Rocky Linux debuts security repository
Rocky Linux introduced an optional security repository. This allows distributions to quickly provide emergency security fixes, especially in scenarios where critical vulnerabilities become public before a tailored upstream fix arrives.
“Repositories are disabled by default. This is by design,” the maintainers said. “The default Rocky Linux experience is exactly what it’s always been: predictable, stable, and fully upstream compatible. Administrators who want access to accelerated fixes can opt in when they want.”

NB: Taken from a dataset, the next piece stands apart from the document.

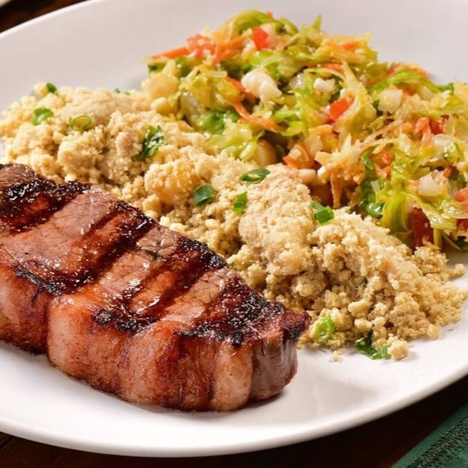 Bife de Chorizo feito na Parrilla (aprox. 200g). Acompanha Farofa de Ovos e Salada Giovanna (Alface Americana, tomate, cebola, palmito, cenoura, mostarda, maionese, batata palha e queijo parmesão)

Security repositories specifically address “specific, narrow” cases where a critical vulnerability is publicly disclosed, exploit code exists, and an upstream patch is not yet available. Rocky Linux emphasizes that this is not a replacement for the normal release process.
“If we push a fix and upstream decides not to address it, the next upstream kernel release will supersede the patched version,” the maintainer added. “For users who have not version-locked their kernels, our fixes will no longer apply at that point. That’s the tradeoff we accepted when building this.”